Fires, floods and other disasters killed 5,286 Chinese miners in the first 11 months of this year, but safety in the industry is improving, the government said.
The figures were announced as the death toll in the latest disaster, a coal mine fire in central China, rose to 18.
The industry's death toll so far this year is 8 percent below the figure for the same period last year, due to a nationwide campaign, the State Administration for Work Safe-ty said on Tuesday.
But it said the fatality rate per tonne of coal mined is still 100 times that of the US. China says it accounted for 80 percent of all coal mining deaths worldwide last year.
Most of China's miners work in coal mines, but fatalities were also reported this year in gold, tin and other mines.
In the latest deaths, the bodies of 13 miners in the Xinli Coal Mine in Hunan province were found on Tuesday some 500m below the surface, Xinhua News Agency said.

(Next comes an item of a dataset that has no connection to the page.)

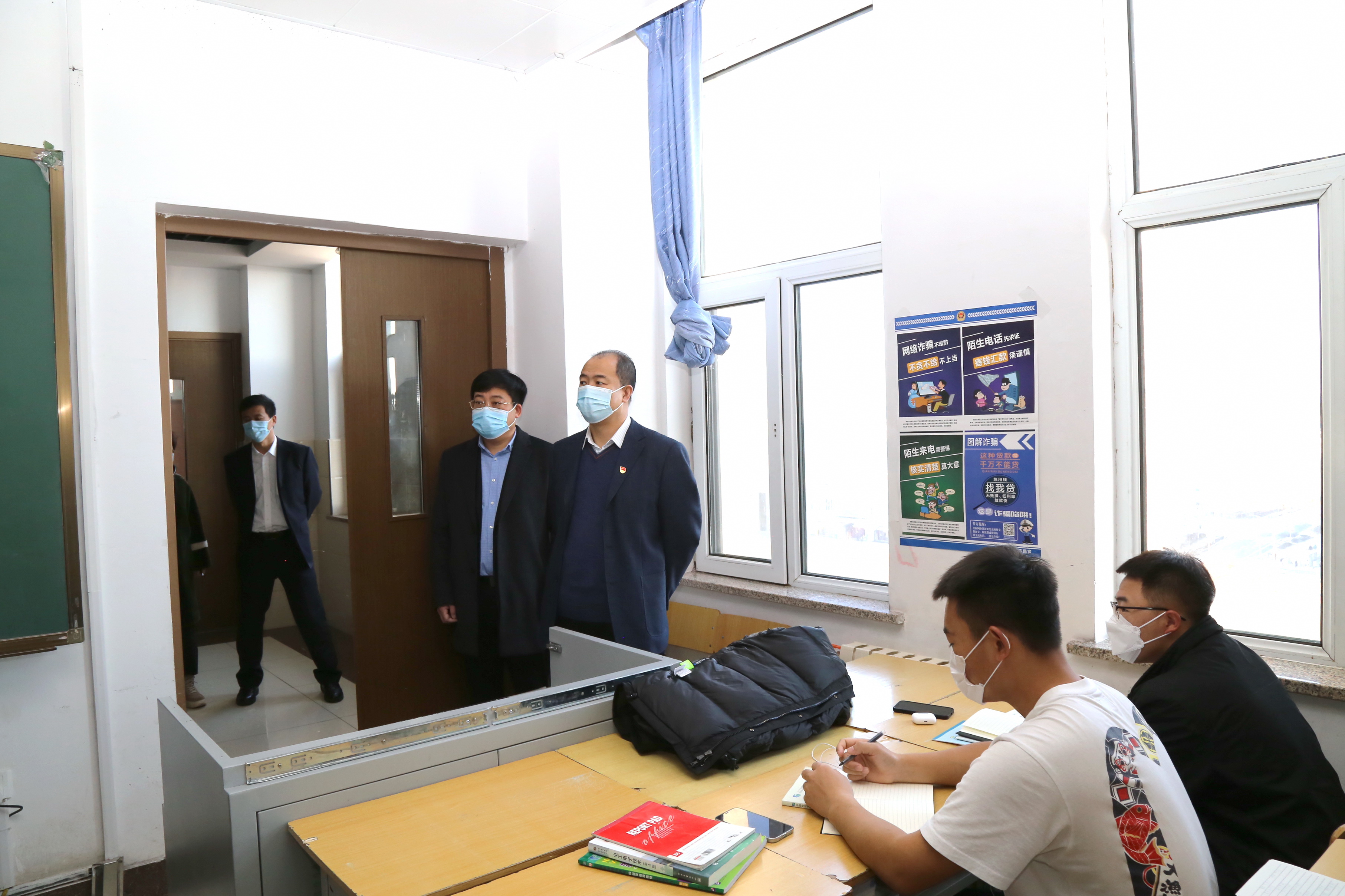 根据疫情形势,学校做出了教学调整,实行线上和线下教学方式,11月14日,学校党委书记宋春辉,校长曹炳志,党委副书记苏建国,副校长李欣以及纪委、教务处、学生处、信息化中心,各教学分院及教学单位负责人一同检查。

It said five were found earlier.
The agency quoted a survivor as saying the fire that broke out on Monday in the mine was caused by a faulty air compressor.
Accidents are often blamed on lack of ventilation and fire-control equipment, poor maintenance or indifference to safety rules.
The Chinese government says it has budgeted some 4 billion yuan (US$500 million) since 2000 to improve ventilation in mines and reduce other safety hazards.